27.5.05

O Lobito - Recordações da juventude (3)

As embarcações regressavam a terra normalmente na hora do almoço, e passavam juntinho ao areal, com as velas recolhidas e impelidas pela força dos remos. Os pescadores iam anunciando os seus peixes pescados horas antes no alto mar. Algumas vezes a transparência da água, com uma profundidade que não ultrapassava um metro, permitia encontrar um ou outro choco, que acabava atingido pelo remo lançado em jeito de lança. Quando acontecia acertar no bicho, acrescentavam-no aos produtos de mar a vender.

- Boa garoupa, cherne, espada grande, pargo mulato patrão.… anunciavam eles, e o produto era ali mesmo comerciado. Aquilo era verdadeiramente, de boa qualidade e mais fresco não poderia haver.

Esta imagem, que muitas vezes vivi, porque a nossa casa era debruçada para a baía, como acontecia a quem residia no lado interior da restinga, sempre me acompanhou e aqui quero recordar os pescadores de profissão do Lobito.

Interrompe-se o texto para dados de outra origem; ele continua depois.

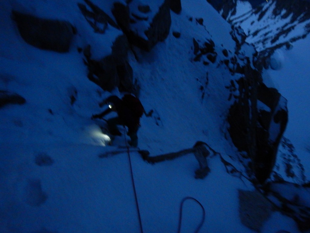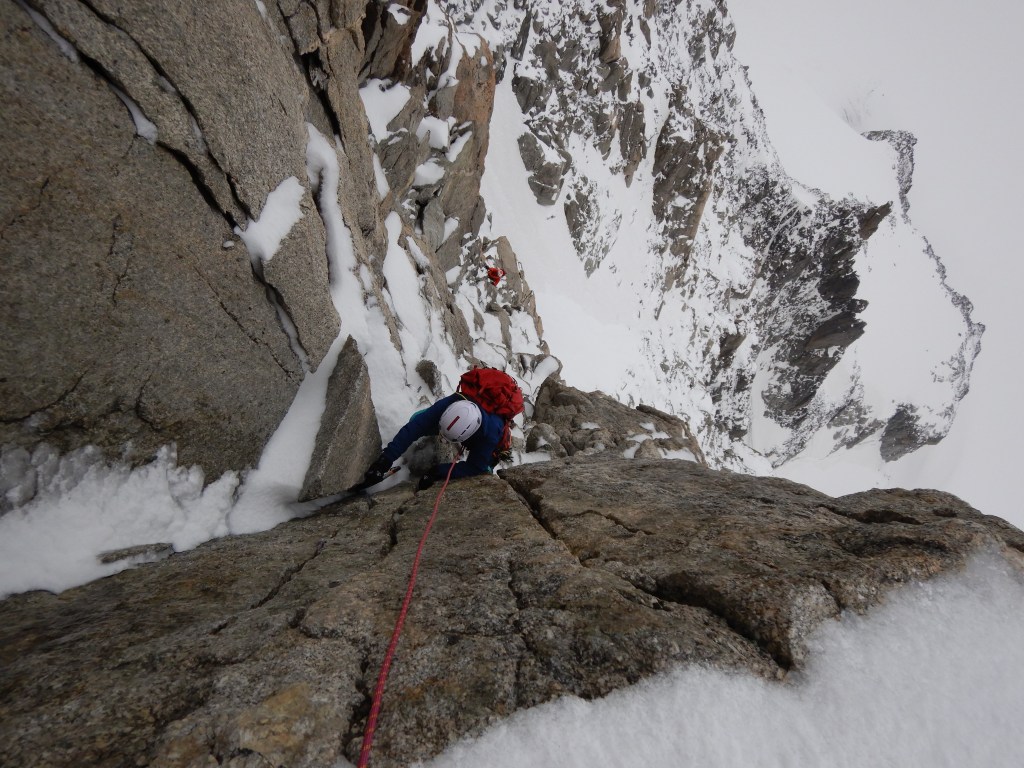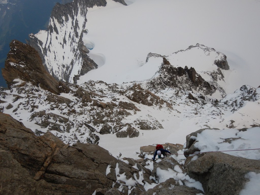Bei unserer Begehung hat’s durch Hitzegewitter am Abend noch ziemlich Schnee in den Felsteil gegeben und die Kletterei war in diesen Verhältnissen interessant und nicht zu unterschätzen. Vor allem der Vorsteiger sollte auch mit Steigeisen den 4. Grad sicher beherrschen!

Em frágeis embarcações de madeira, vulgarmente designadas de “chatas”, devido ao fundo direito sem quilha, dotado de um sistema de fixação de vela composto por um mastro de eucalipto, esquio e alto, colocado a meio da embarcação e cruzando um latino bastardo. As velas eram feitas de retalhos de lona clara ligados entre si, por vezes tão remendados e com aberturas por onde o vento que as impelia se ia escapando. A tripulação era composta de três a cinco pescadores. Homens feitos na dura lide do mar, envelhecidos e com alguns cabelos brancos. O negro para ter muitos cabelos brancos precisa de ser muito velho.

De madrugada partiam do designado Lobito velho, no local onde o banco de areia se formou para dar origem à restinga, e, aproveitando o vento junto à costa dirigiam-se à entrada do canal e dali inflectido para noroeste apoitavam a cerca de meia milha, iniciando a sua faina de pesca à linha, até que, satisfeitos e naturalmente cansados, regressavam ao interior da baía, bordejando junto à praia até cerca das chamadas casa da Mineira, e iam vendendo o seu produto. Daqui atravessavam a baia e regressavam á costa do velho Lobito.

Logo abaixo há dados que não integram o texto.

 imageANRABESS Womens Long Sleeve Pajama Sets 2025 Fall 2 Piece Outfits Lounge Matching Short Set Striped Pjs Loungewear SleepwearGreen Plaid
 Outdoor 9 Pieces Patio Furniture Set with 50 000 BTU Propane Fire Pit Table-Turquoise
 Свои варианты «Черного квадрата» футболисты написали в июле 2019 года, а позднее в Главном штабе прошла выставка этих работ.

Algumas embarcações eram feitas de bimba pelos pescadores da praia da Bebé, transportavam um a dois pescadores. Eram embarcações feitas com uma espécie de madeira pouco lenhosa, tipo balsa, e pouco resistente, mas muito leve e que flutuava bastante bem. Os troncos eram juntos uns aos outros com cavilhas de madeira, e a disposição dos troncos era singular pois a parte mais grossa dos mesmos constituía a ré da embarcação, enquanto a proa era aguçada e constituída pela união das pontas mais delgadas dos troncos. A sua flutuação era garantida pelo material, e pelas uniões entre os troncos entrava a água que servia para manter o pescado vivo, e os pés frescos…

Eu tive uma bimba que comprei a um pescador conhecido por uma centena de angolares. Com ela fiz também as minhas pescarias e eu e os meus amigos dela usámos e brincámos até ao dia em que de tanto ser usada e não tratada, acabou partindo-se.

É verdadeiramente digno de registo, a coragem destes pescadores que nestas embarcações tão frágeis se aventuravam em busca do seu ganha pão. Não sei se essa comunidade de pescadores ainda faz o mesmo, que há quarenta anos, se continuam tendo o seu cliente de praia, ou se simplesmente já não existem.